Bad Bunny, usually reticent to take on a position foisted on him, alluded to all that baggage and conflation at the Grammys. Accepting the award for best música urbana album, he said, uncharacteristically in English: “ICE out! We’re not savage, we’re not animals, we’re not aliens. We are humans and we are Americans.”
Whatever he actually meant, “I think what landed was that Latinos who are here and trying to build a life, or who have been born and raised here now for generations, should also be considered Americans, for purposes of rights and responsibilities,” said Negrón-Muntaner.

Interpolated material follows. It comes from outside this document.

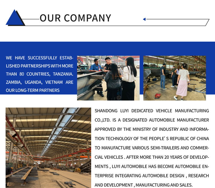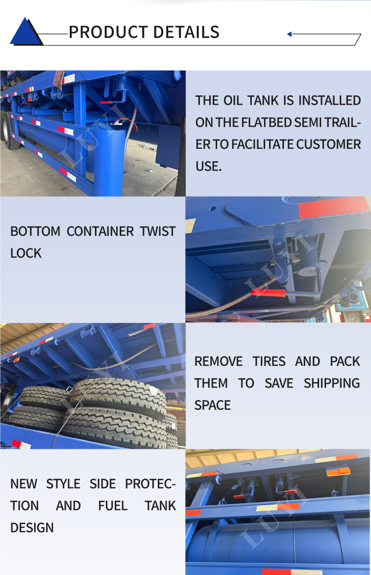 LUYI 3-एक्सल 4-फुट 50-टन फ्लैटबेड सेमी-ट्रेलर औद्योगिक लॉजिस्टिक्स और बुनियादी ढांचा परियोजनाओं के लिए एक हेवी-ड्यूटी वर्कहॉर्स है। इसका 3-एक्सल डिज़ाइन वैज्ञानिक रूप से 50-टन भार को वितरित करता है, सड़क के दबाव को कम करता है, राजमार्ग नियमों का अनुपालन करता है और ड्राइविंग स्थिरता सुनिश्चित करता है। लगभग 1.22 मीटर (रेलिंग/ग्राउंड क्लीयरेंस) का मुख्य आयाम लोडिंग/अनलोडिंग सुविधा और कार्गो सुरक्षा को संतुलित करता है, जो फोर्कलिफ्ट और क्रेन संचालन के लिए उपयुक्त है।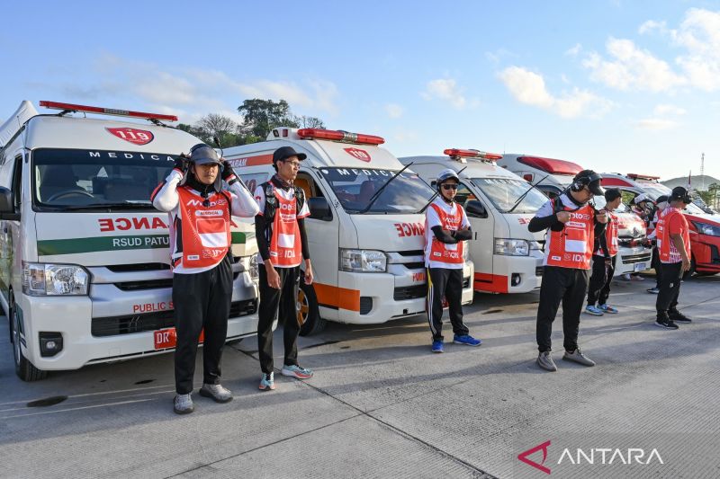 Tim medis berdiri di dekat mobil ambulance menjelang balapan MotoGP Indonesia 2025 di medical center Sirkuit Internasional Pertamina Mandalika, Lombok Tengah, Nusa Tenggara Barat, Jumat (3/10/2025). Sebanyak 140 tenaga medis yang terdiri dari dokter dan perawat profesional, 22 unit ambulans dan 2 helikopter diterjunkan untuk mendukung perhelatan MotoGP Indonesia 2025 di Sirkuit Mandalika.ANTARA FOTO/Ahmad Subaidi/nz

His comments were naturally met with a new round of performative outrage from the Maga chattering class. (I am loath to quote, but here’s Megyn Kelly: “I feel like we might want to send ICE down to his compound. He’s worth a hundred million dollars, reportedly.”) The backlash “is communicating traditional ideas rooted in white supremacy and English speaking”, said Johnson, though the NFL understands that “they will be able to capture audiences who, were it not for Bad Bunny, would not otherwise be tuning in, and there’s immense value in that.” For Maga, said Bonilla, “the fact that the top artist in the world is Spanish-speaking, is American with an asterisk, is not their definition of America, stokes their fears of what America is becoming, and the irrelevance of other forms of American-ness on the global stage.”
There is a double-edged element to that, even from those eager to embrace Bad Bunny as a symbol of anti-Trump resistance writ large. “I see so many people on TikTok brushing up on their Spanish, learning the lyrics to the songs, and self-described gringos saying like, ‘OK, I’m going to learn.’ And there is something really beautiful in that,” said Bonilla. “But at the same time, I feel like the specificity of him as a colonial citizen, as someone who has been fighting not for greater rights within the US, but the right to forge our own path, has gotten lost in the messaging.”

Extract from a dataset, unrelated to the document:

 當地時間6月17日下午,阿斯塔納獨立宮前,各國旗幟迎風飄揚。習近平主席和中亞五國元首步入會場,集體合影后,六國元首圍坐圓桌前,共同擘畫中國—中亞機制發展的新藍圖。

Migration, melding, shifting tides of influence and power – in their own ways, Maga and Bad Bunny are responding to the same 21st-century phenomenon: the detachment of culture from geography, leaving many people, regardless of physical location, feeling at once adrift and hyper-connected. The dark vision of Maga – one of strident identity protectionism – continues its culture war on all that it deems threatening, different or conveniently worthy of scapegoating. But no matter how Sunday’s performance goes, Bad Bunny, an uncompromising musician who has made an art of interconnection and a meal of expectations, has already won. “It’s going to be fun. It’s going to be easy,” he promised on Thursday, days ahead of the show. Backlash or no, the party goes on.